## EXERCISE
With pictures left out, extract every line between the start of the records below and the line holding "Später sind wir", inclusive.

## Data records

────────────────────

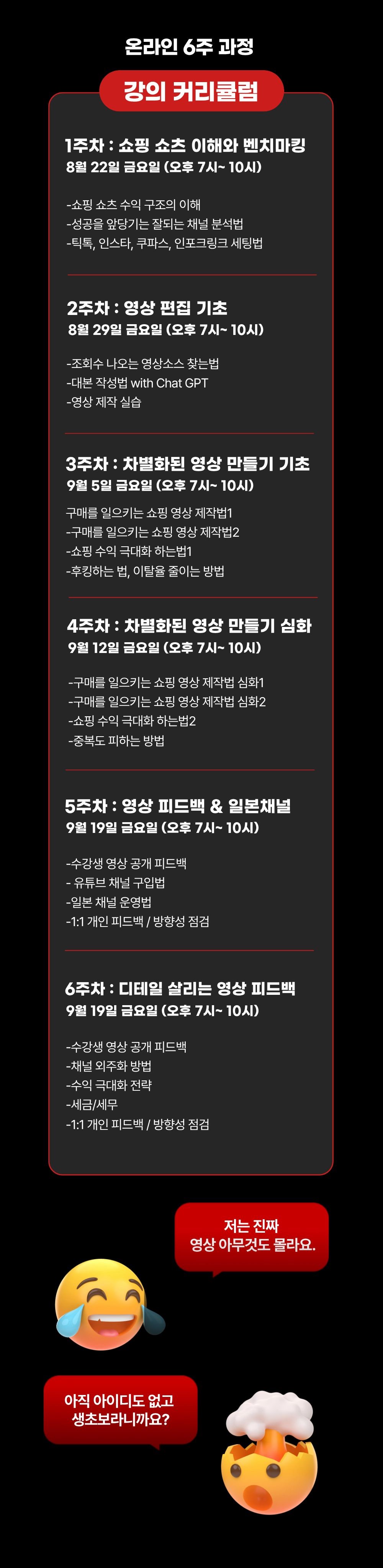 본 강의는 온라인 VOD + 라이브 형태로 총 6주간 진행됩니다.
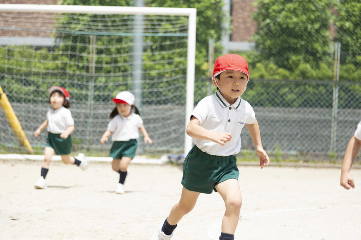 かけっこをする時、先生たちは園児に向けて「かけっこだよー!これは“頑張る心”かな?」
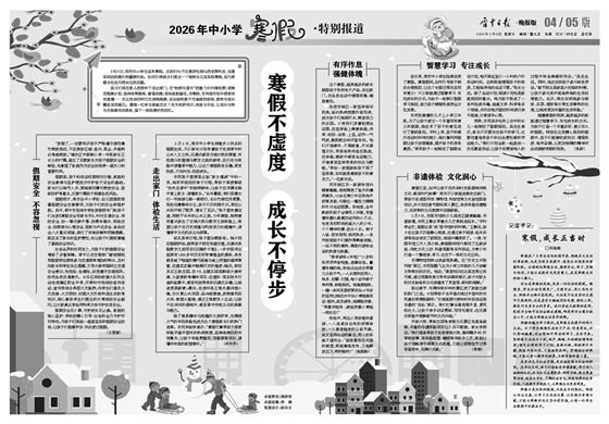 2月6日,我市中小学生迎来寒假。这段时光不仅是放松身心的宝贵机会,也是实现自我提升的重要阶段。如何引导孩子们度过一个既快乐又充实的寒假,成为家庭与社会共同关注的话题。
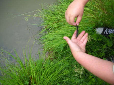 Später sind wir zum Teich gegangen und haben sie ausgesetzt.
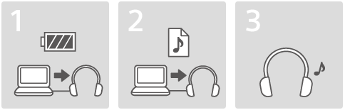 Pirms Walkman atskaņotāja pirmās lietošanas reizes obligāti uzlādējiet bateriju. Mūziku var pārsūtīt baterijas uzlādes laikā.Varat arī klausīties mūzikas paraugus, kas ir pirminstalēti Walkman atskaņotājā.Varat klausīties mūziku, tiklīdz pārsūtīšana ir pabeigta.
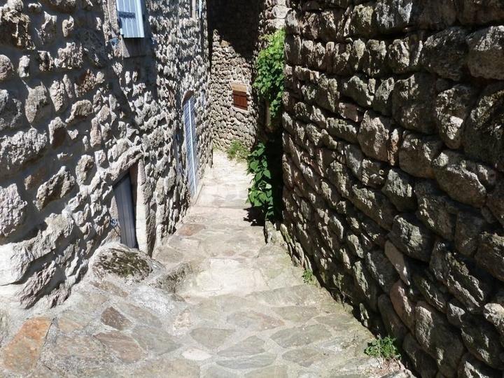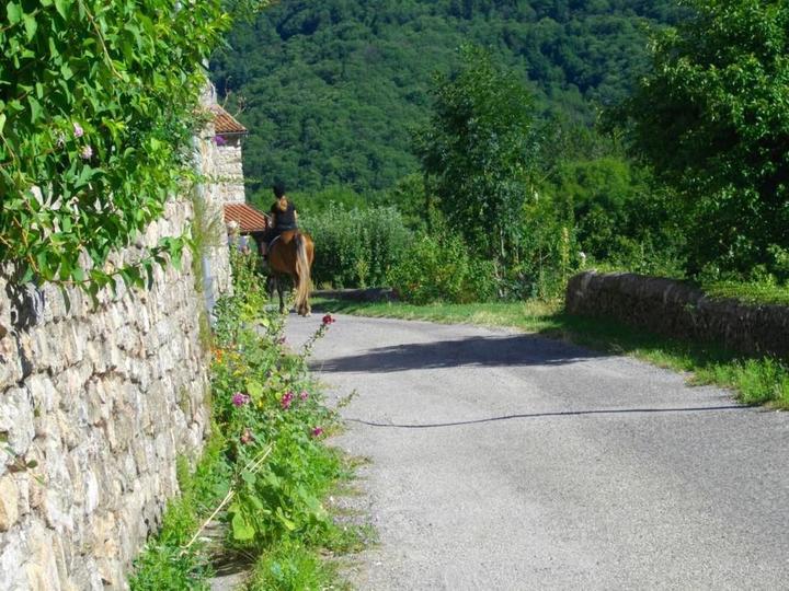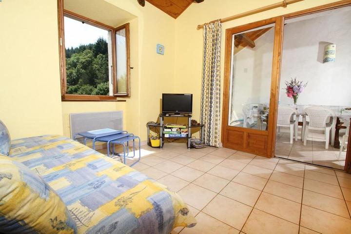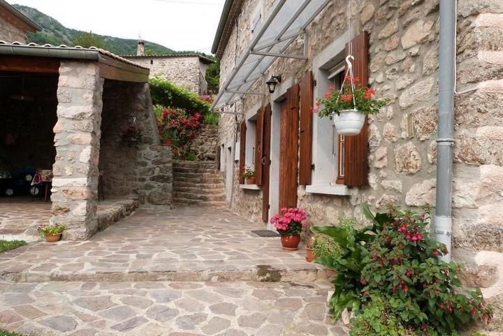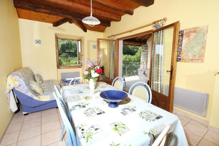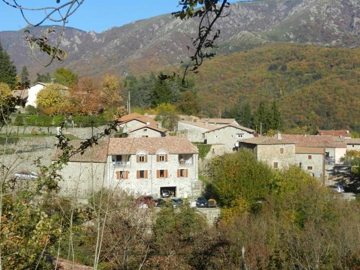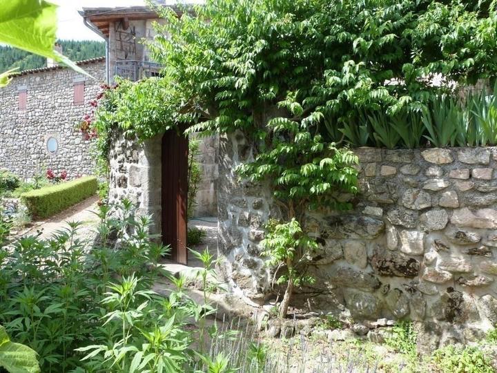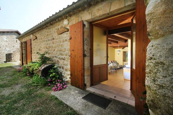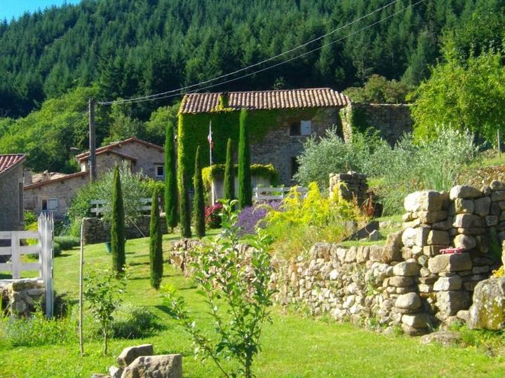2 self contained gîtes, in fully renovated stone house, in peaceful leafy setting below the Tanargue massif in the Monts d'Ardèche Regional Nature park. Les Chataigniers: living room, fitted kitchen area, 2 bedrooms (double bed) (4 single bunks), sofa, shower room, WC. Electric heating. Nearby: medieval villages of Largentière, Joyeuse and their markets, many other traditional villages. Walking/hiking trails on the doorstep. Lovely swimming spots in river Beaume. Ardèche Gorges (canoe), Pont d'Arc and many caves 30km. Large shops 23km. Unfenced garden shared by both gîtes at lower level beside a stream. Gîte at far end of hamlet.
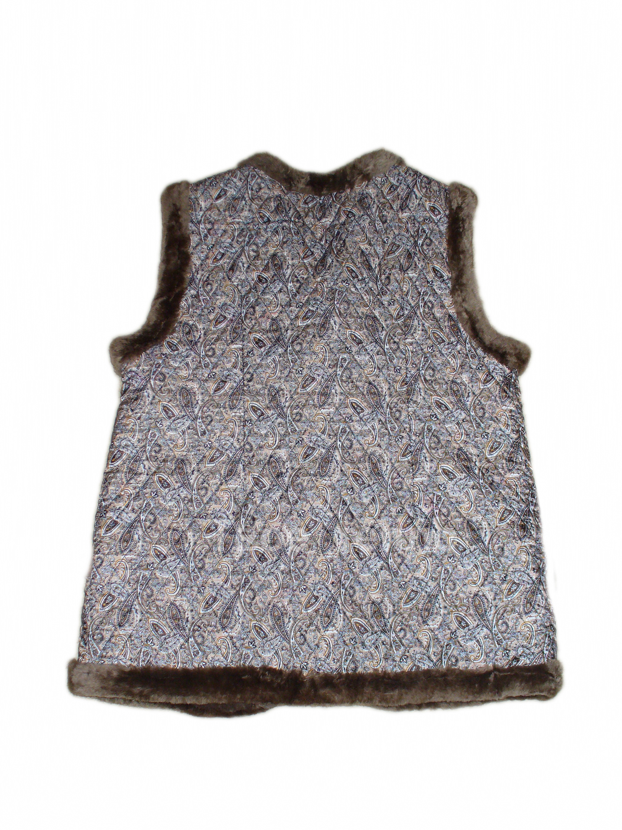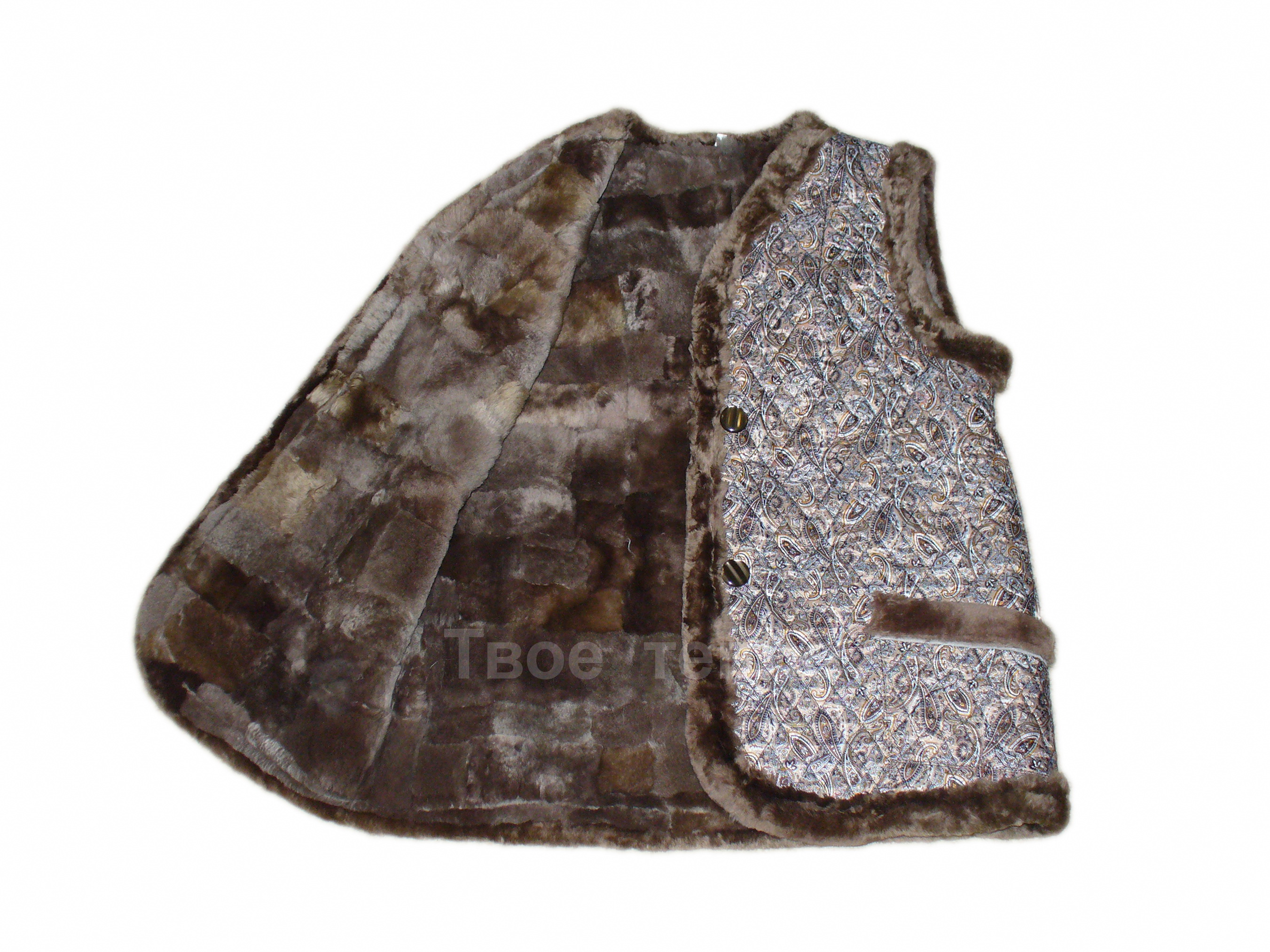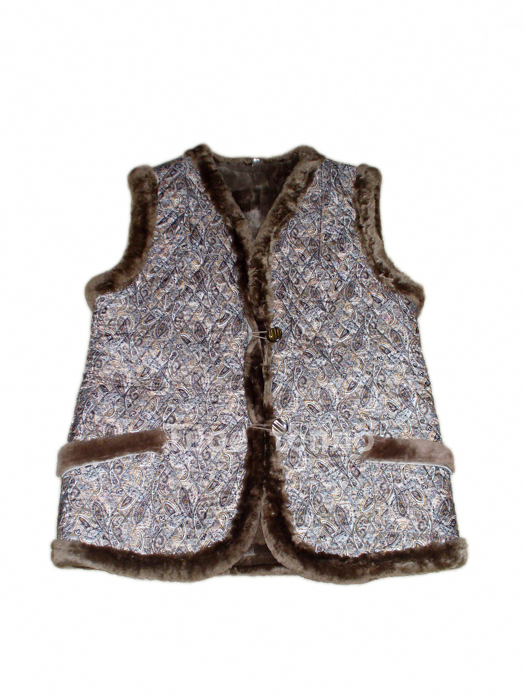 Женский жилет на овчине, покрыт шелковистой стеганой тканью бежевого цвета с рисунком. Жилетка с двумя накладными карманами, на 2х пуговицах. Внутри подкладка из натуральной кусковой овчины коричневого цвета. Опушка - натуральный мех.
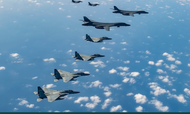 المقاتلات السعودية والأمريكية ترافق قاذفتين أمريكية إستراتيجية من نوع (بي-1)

────────────────────

## ANSWER TO THIS EXERCISE
 본 강의는 온라인 VOD + 라이브 형태로 총 6주간 진행됩니다.
 かけっこをする時、先生たちは園児に向けて「かけっこだよー!これは“頑張る心”かな?」
 2月6日,我市中小学生迎来寒假。这段时光不仅是放松身心的宝贵机会,也是实现自我提升的重要阶段。如何引导孩子们度过一个既快乐又充实的寒假,成为家庭与社会共同关注的话题。
 Später sind wir zum Teich gegangen und haben sie ausgesetzt.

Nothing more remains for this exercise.